The visit will further reduce Castro’s international isolation. The week before his meeting with the pope, Castro will be in Santiago, Chile, to participate, for the third consecutive year, in the annual summit of Latin American and Caribbean heads of state. He will seek and probably obtain a resolution condemning the United States for its Helms-Burton law, which allows U.S. citizens to sue foreign corporations over investments in properties once owned by them and nationalized during the Cuban Revolution. Next month, the European Union, along with Mexico and Canada, also plan to lodge another complaint with the World Trade Organization on what they consider to be U.S. attempts, using Helms-Burton, to impose its law upon other countries.

The Vatican’s principal interest in Cuba is to help create conditions for a peaceful political transition in the post-Castro period, as well as to enhance the church’s standing on an island whose population is at least nominally Catholic. Since 1990, Vatican contacts with Havana have multiplied, with “private” visits by high-ranking cardinals to confer with Castro and the leaders of the Cuban church. Archbishop Tauran’s official trip is the climax of these efforts.

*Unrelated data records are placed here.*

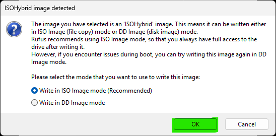- When prompted about ISOHybrid image, leave the default ISO Image mode set and click OK:
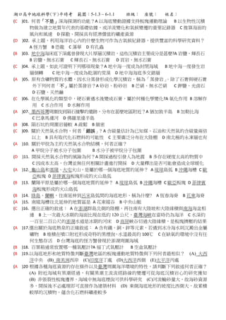 (A )17.選出關於海底熱泉的正確敘述: A 含有鐵、銅、鋅等元素,若遇到冰冷海水則沉澱出金屬
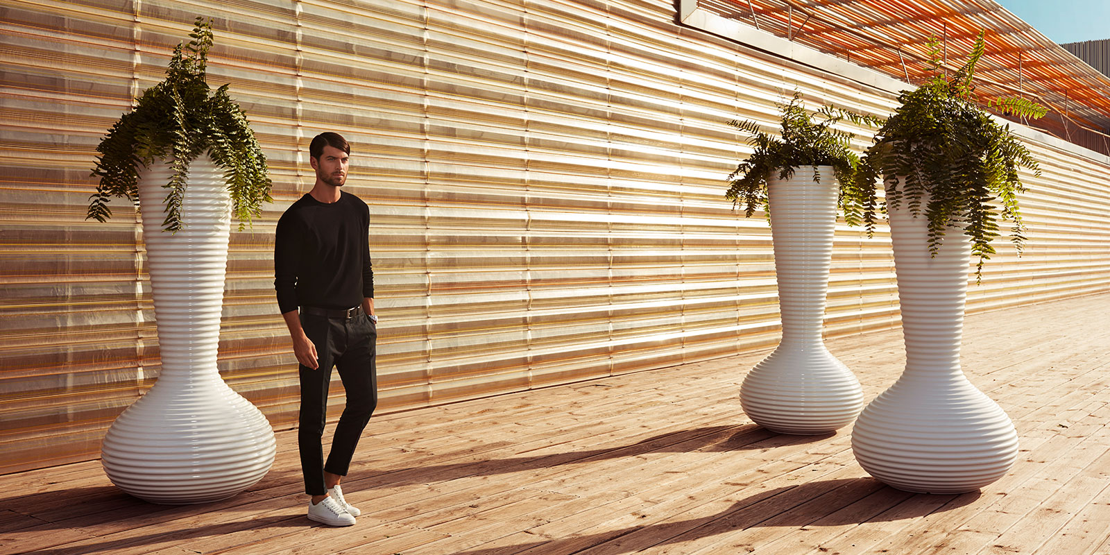 The planter from the BLOOM collection captures the most beautiful phase of plants. Don't expect a classic pot size, this majestic piece symbolising bloom reaches a height of 187 cm. You can also get it with a clever self-watering system that includes an indicator to alert you when the plant needs watering. There is also a version with LED lighting, as is customary with the VONDOM brand. There is also a choice of matt or painted finish.
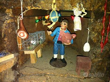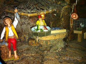 Presepe artigianale 130 x 50 completo di pastori, luci 2 linee, cascata funzionante, 4 interuttori (luci esterne, luci interne grotte, fuochi simulati - forno panificio-cucina osteria-fuoco da campo-braciere, cascata) piu' 1 generale, 3 livelli
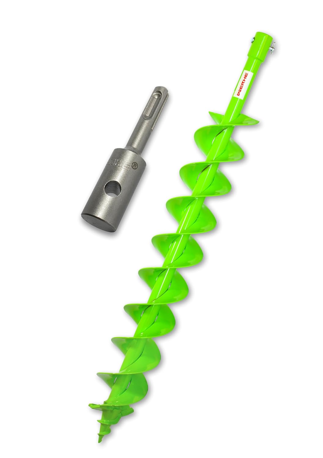 - Der Erdbohrer kann mit einem Bohrhammer ohne grossen Aufwand verschiedene Löcher bohren. Selbst in Böden mit Steinen und Wurzeln ist ein Durchrutschen dank der SDS Plus-Aufnahme nicht möglich.
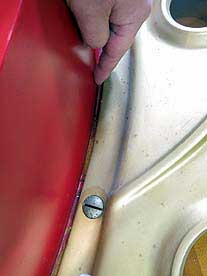 フレーム淵の赤い塗料の割れアガリ 雑音の原因にもなるので削除したいがフレーム下までは手が入らない

For Castro to be received by John Paul II means, pure and simple, recognition of his political legitimacy. The next step would be a visit by the pope to Cuba, the only country in Latin America where he has never set foot. As matters now stand, this may occur in October 1997, when John Paul II is to tour Brazil, his only scheduled stop in the Western Hemisphere next year. But, of course, it could happen sooner, if both sides so desire.

Significantly, Cuba’s Cardinal Jaime Ortega, who has been deeply involved in the negotiations between the pope and Castro, declared in an interview earlier this month that “it seems that a climate has been created in favor of the holy father being able to come to Cuba soon.” A papal visit would aim to help bring about a “reconciliation” among all Cubans--the pro-Castro and the anti-Castro at home and abroad--and thereby ease a transition to democracy.

“Reconciliation” is the key concept--and word--used by Ortega at a time when Washington’s stated policy is to achieve Cuban democracy through the ouster or fall of Castro. In his private meetings with Clinton in 1993 and 1994, John Paul II is known to have emphasized the need for a more realistic--and compassionate--U.S. policy toward Cuba in order to avert what could be a bloody power struggle after Castro dies.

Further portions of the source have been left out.